He wants to explain to his sister that he couldn’t have called for a cab. He left his wallet at the bar.
He went to the bar, he got kicked out, he tried to walk home, he… Jean-Paul wasn’t sure what came after that. There had to be something before the fall. He could remember a car. A big black car pulling over next to him. Big black car…big black car…
His brain fizzed at the thought of anymore thinking. He let out a frustrated sigh. Big black car…big black car… two men… what else?
Mac shuffles over to Jeanne-Marie. “There’ll be plenty of time to scold Jean-Paul for his actions later.” He assures her. “We should let him get some rest.”
Jeanne-Marie nodded. “I think you’re right, Dr. Hudson.” She gave her brother a wave. “Get better soon, Jean-Paul.”
The rest of Alpha Flight mutter similar well wishes as they pile out of the room. Michael mentions that he’ll tell Jean-Paul’s doctor that he’s awake. Before long the only ones left in the room are Mac and Heather.
“Heather why don’t you get us some lunch?” Mac asks. “I’ll meet you down in the cafeteria in fifteen.”
“Alright.” The red headed woman leans up and kisses Mac’s cheek. “See you soon.”
With that she leaves the room. As Heather’s shoes click down the hall, Mac walks over to the door and shuts it.
“How are you feeling?” He asks.
“Like my head is on fire.” Jean-Paul groans. “I can barely remember anything from Wednesday night.”
“Well let’s start with what do you remember?” Mac says. “Do you remember falling?”
“Not really.” Jean-Paul shrugs. “I remember turning the corner…um then this big black car pulled up next to me. There were these two men in suits… they…they…”
His head reels. His mouth aches. His throat hurts. He need water. He wants food but he feels to nauseous to eat.
“Hey, don’t over exert yourself.” Mac tells him. “Take a deep breath.”
Jean-Paul does. The air only makes his throat throb more. “It’s all blurry or staticky, I suppose. Everything after that is just a grey fuzz.”
“I wouldn’t worry too much about it.” Mac suggests. “You know what happened anyway.

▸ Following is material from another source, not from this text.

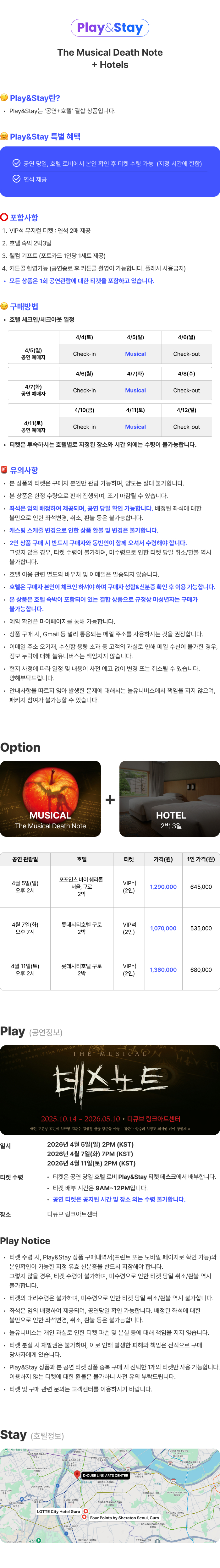 [Play&Stay]뮤지컬 데스노트+ Hotel
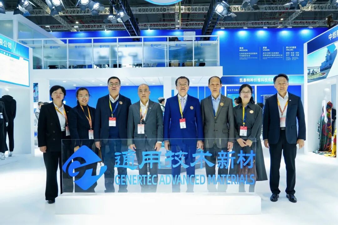 展会现场,中国纺织工业联合会副会长李陵申,中国工程院院士、生物基纤维材料全国重点实验室主任程博闻,中国纺织工业联合会专家咨询委员会委员曹学军、贺燕丽,中国化学纤维工业协会会长陈新伟,中国纺织机械协会会长顾平,中国纺织工业联合会研究室(非遗办)主任华珊,中国化学纤维工业协会副会长靳高岭,中国化学纤维工业协会原副会长姜俊周等领导莅临展位,期间围绕新技术与新产品研发进展、实际应用场景及未来市场推广进行了深入交流。通用技术新材董事长、党委书记、总经理姜俊华,副总经理于捍江、李开占,集团派驻通用技术新材股权董事朱北娜,通用技术中纺院副总经理崔桂新等陪同参观并进行了详细介绍。

You tripped and fell on the sidewalk. Perhaps you were startled by the car.”
“But the men…” Jean-Paul starts.
“Maybe they found you on the sidewalk.” Mac tells him. “Lying on the ground, head burst open, blood seeping out onto the snow. Good thing they did too or else who knows what might’ve happened.”
Jean-Paul tries to contest this argument, but his esophagus and tongue hurt too much. Any arguments would come out hoarse and faint. Practically meaningless.
Mac takes note of Jean-Paul’s pain and reaches for his cup. “How about I get you some more water? Hmm. Seems like you need it.”
Jean-Paul nods. Water. Yes. He needs water.
Mac makes his way over to the door. “The doctor will most likely check you over for any signs of concussions or brain damage.” He says. “Good news is that you seem fine.”
“I don’t feel fine.”
“Healthy.” Mac corrects as he steps out the door. “Which is good because we have a mission coming up that I’ll need you on. Saturday, don’t forget.”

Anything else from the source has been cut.